Open hardware (was: Re: FOSDEM lightning talk slides)
sebastien.bourdeauducq at lekernel.net
Thu Feb 4 15:58:41 EST 2010
On Thursday 04 February 2010 17:53:57 Ron K. Jeffries wrote:
> Copyleft hardware includes (to my mind) open hardware
> projects which incorporate complex silicon such as a processor
> where the programming API is open, but the chip manufacturer
> does not disclose detailed design at gate level.
> Arduino is a good example, where multiple outfits around the
> world design, manufacture and sell PCBs and kits that are
> clones of Arduino, or are "shields" that plug in and add functions.

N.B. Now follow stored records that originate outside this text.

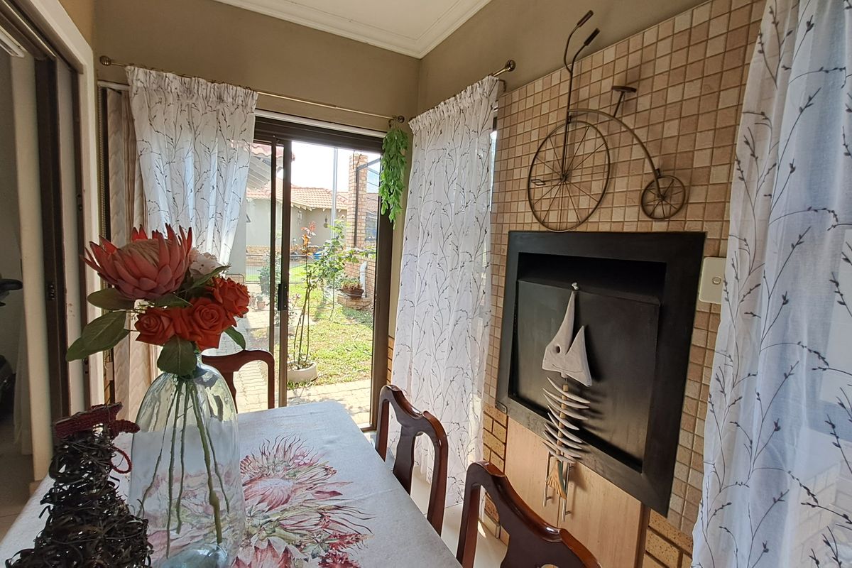 Relaxed two-bedroom retirement living in a secure community with scenic dam and onsite nurse; sunlit enclosed braai-room, private garden and automated garage for effortless entry.
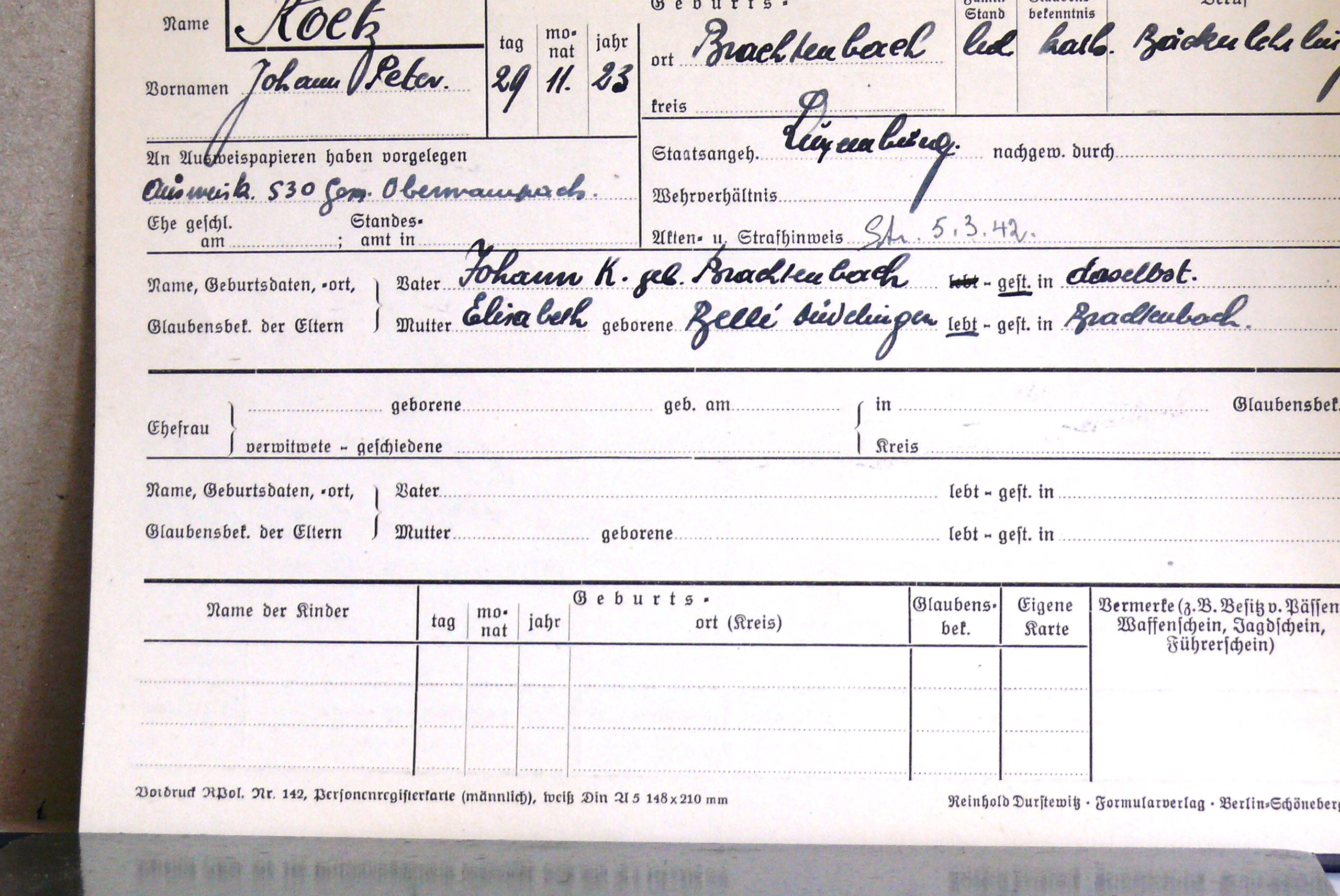 Nom, prénom, nom pendant l'occupation
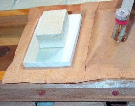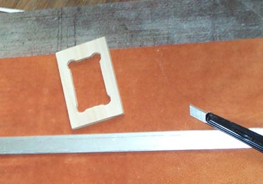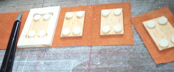The big square pouches have a wooden follower inside, which has to be exactly in the center of the pouch. To cut the pouches, and center the follower, I made a wooden template. Its outside dimensions are the size of the pouch plus 1/16" to allow for the dip, and a hole that just fits the follower is cut in the center. First cut a strip of pouch leather as wide as the template is long. Put the template on the strip, and set the follower, with the glue applied to its top surface, in the hole. Only a narrow strip of glue was used, around the center of the follower. Trim the pouch to width using the edge of the template. Then, holding the follower in place, lift the template and move it to the next place on the strip.
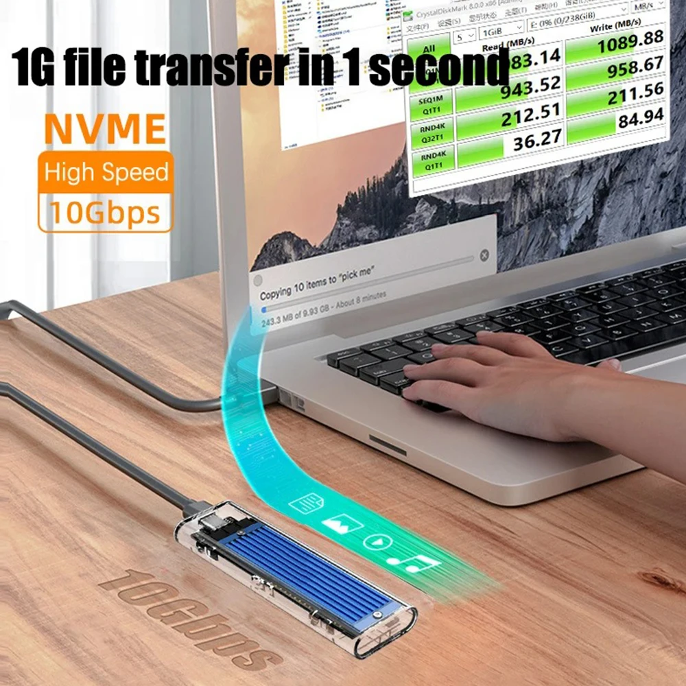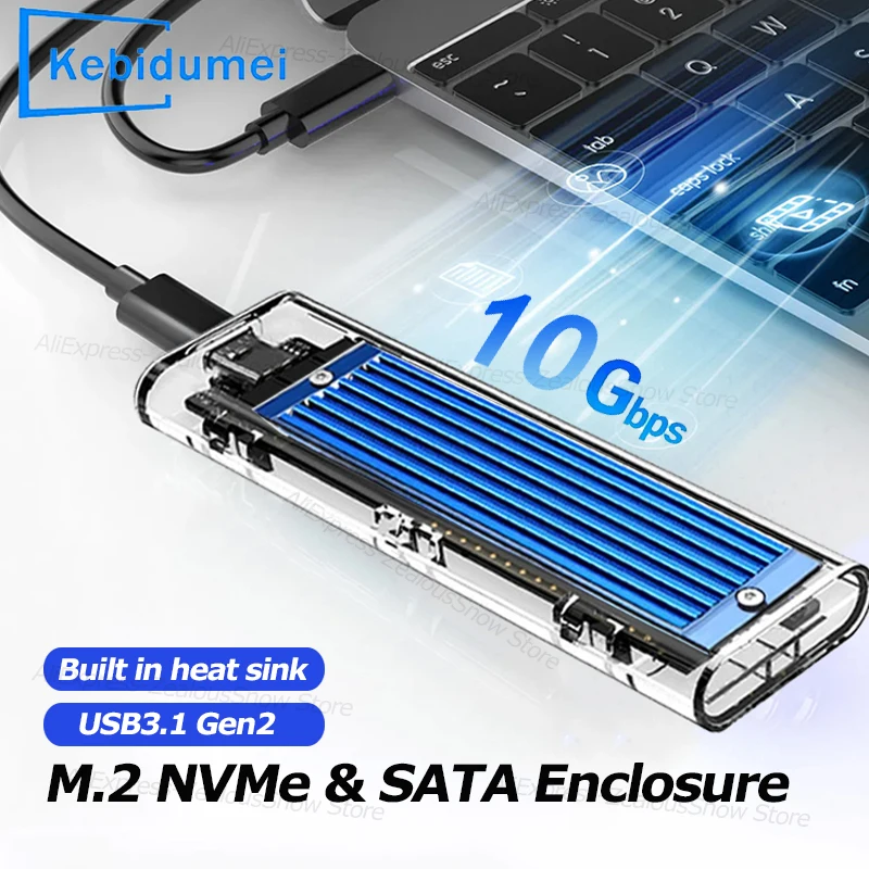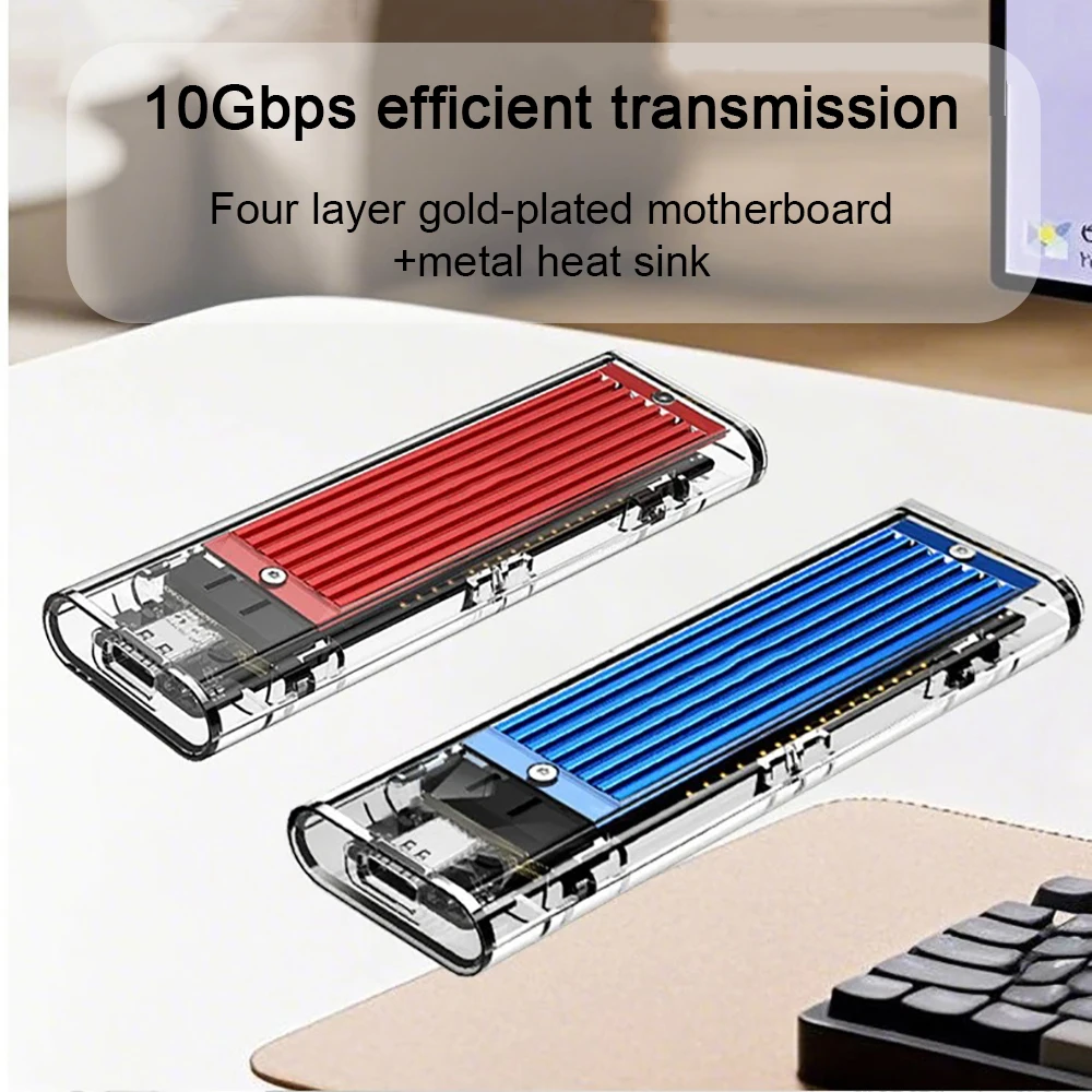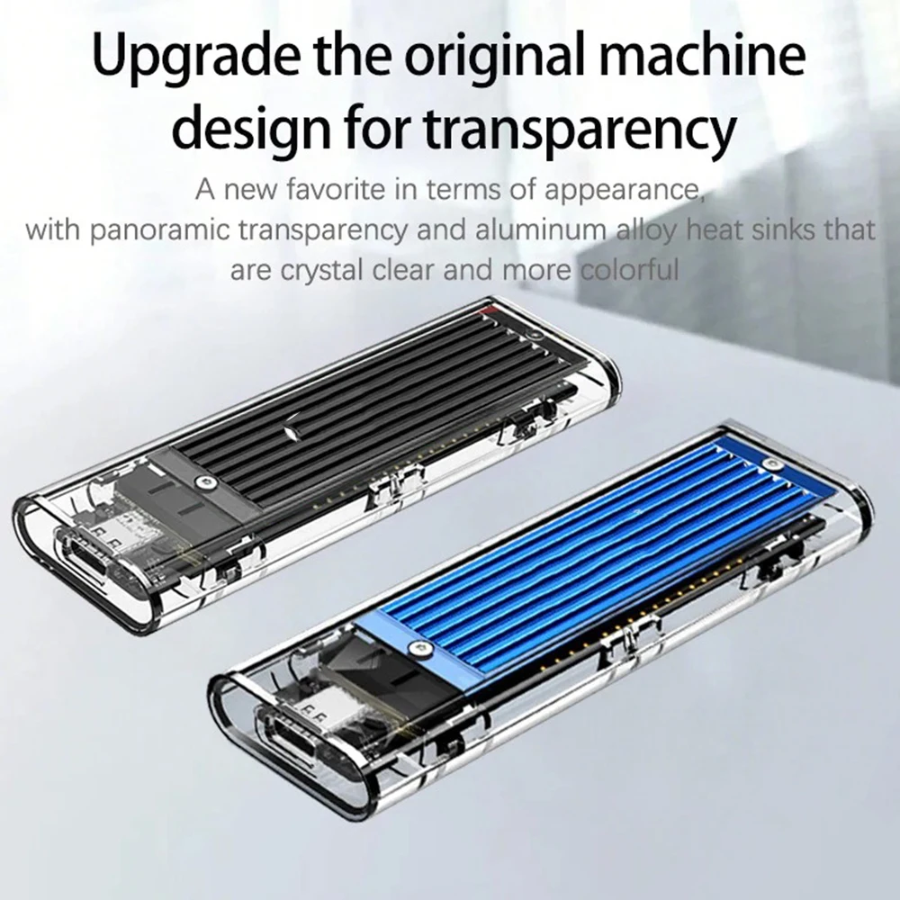 Comprar Caja M2 SSD NVME SATA SSD, carcasa transparente de 10Gbps, caja M.2 a USB tipo C con disipador de calor, adaptador externo, compatible con embellecedor UASP
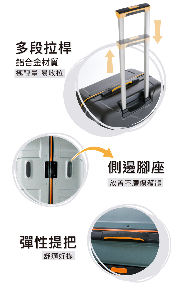 ●霧面箱體防刮耐磨,側邊腳柱可減少箱體磨擦損傷。
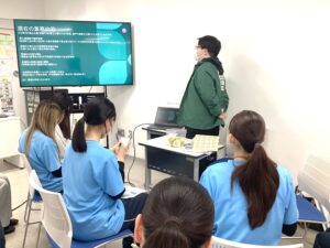 1年生の学科申請を目前に控えて、卒業生による職業ガイダンスを行いました。就職して4年~7年目を迎え、職場の中心として活躍している卒業生6名に来ていただきました。愛玩動物看護師2名、動物園の飼育員1名、訓練士1名、トリマー1名、自然保護管(レンジャー)1名の布陣です。講義の内容としては、現在の仕事の内容、仕事上で大切にしていること、在学中に悩んだことまた、それをどのように解決したのか、インターンシップに臨んでの注意点、等を自分の経験を通して語ってもらいました。九動で学んで、現場に出て、活躍している先輩たちのお話を1年生諸君も真剣に聞いておりました。ガイダンスが終わった後も時間の許す限り質問に答えていただきました。1年生も先輩たちに熱心に色々と疑問点を質問しておりました。1年生諸君にとって、とても有意義な時間となりました。卒業生の皆さん!ありがとうございました!感謝です。
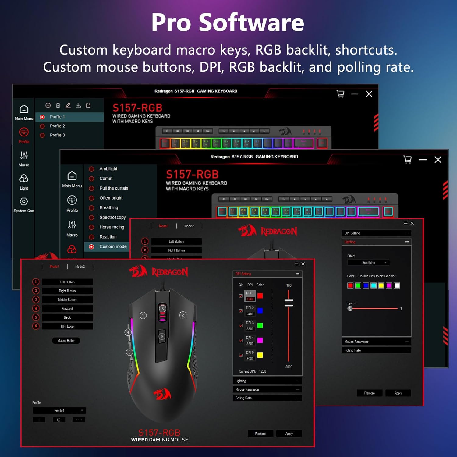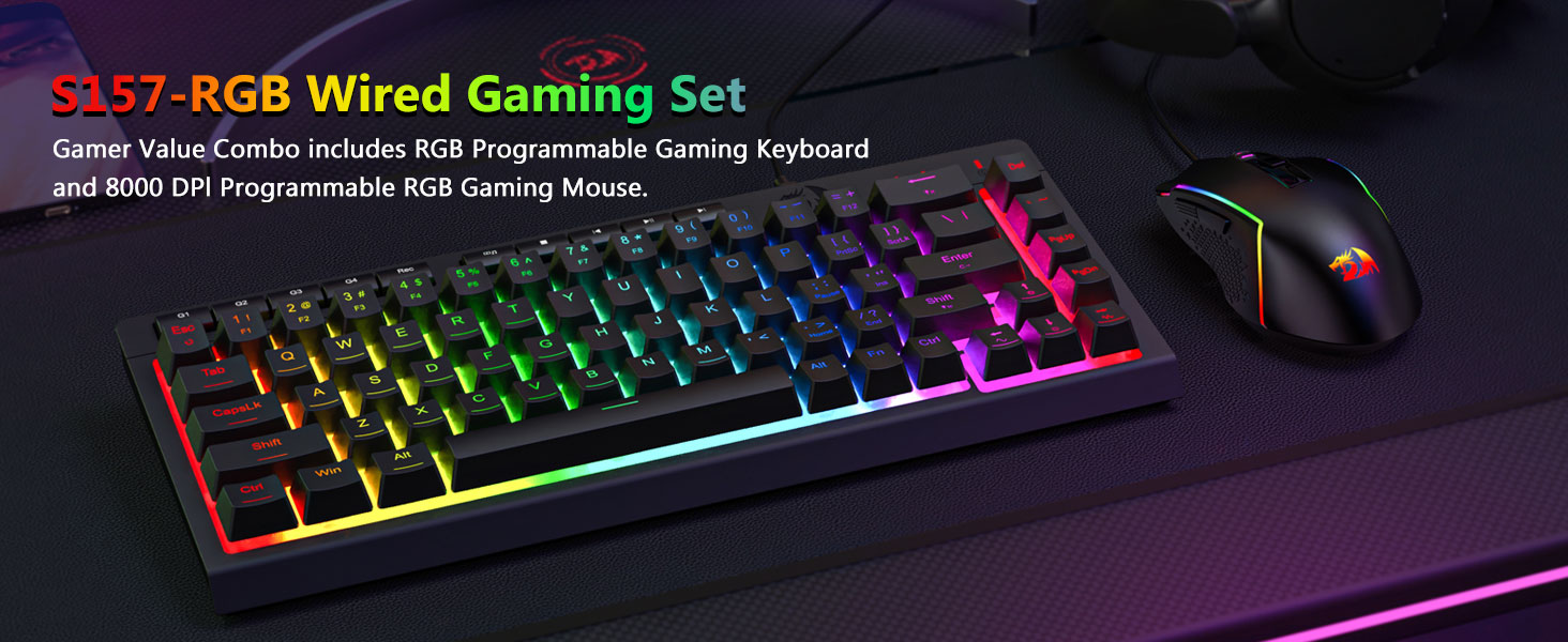 ब्लैक S157 RGB बैकलिट वायर्ड गेमिंग कीबोर्ड और माउस कॉम्बो

Ok. So, please note that a x86 PC also fits into this definition of open
hardware: Intel discloses programming manuals for their processors and
chipsets, with a little research you can find schematics and gerbers of some
motherboards (which, anyway, aren't *so* hard to design nowadays, as the
chipsets do pretty much everything) and multiple outfits around the world
design, manufacture and sell PCBs, kits and devices that are clones of the
original IBM PC, or are "peripherals" that plug in and add functions.
It's good to see people believe in open hardware and start with easier
projects; but copyleft gate-level designs are the way to go, especially since
chips do most of the work in today's devices and are sometimes highly
specialized and quickly become obsolete.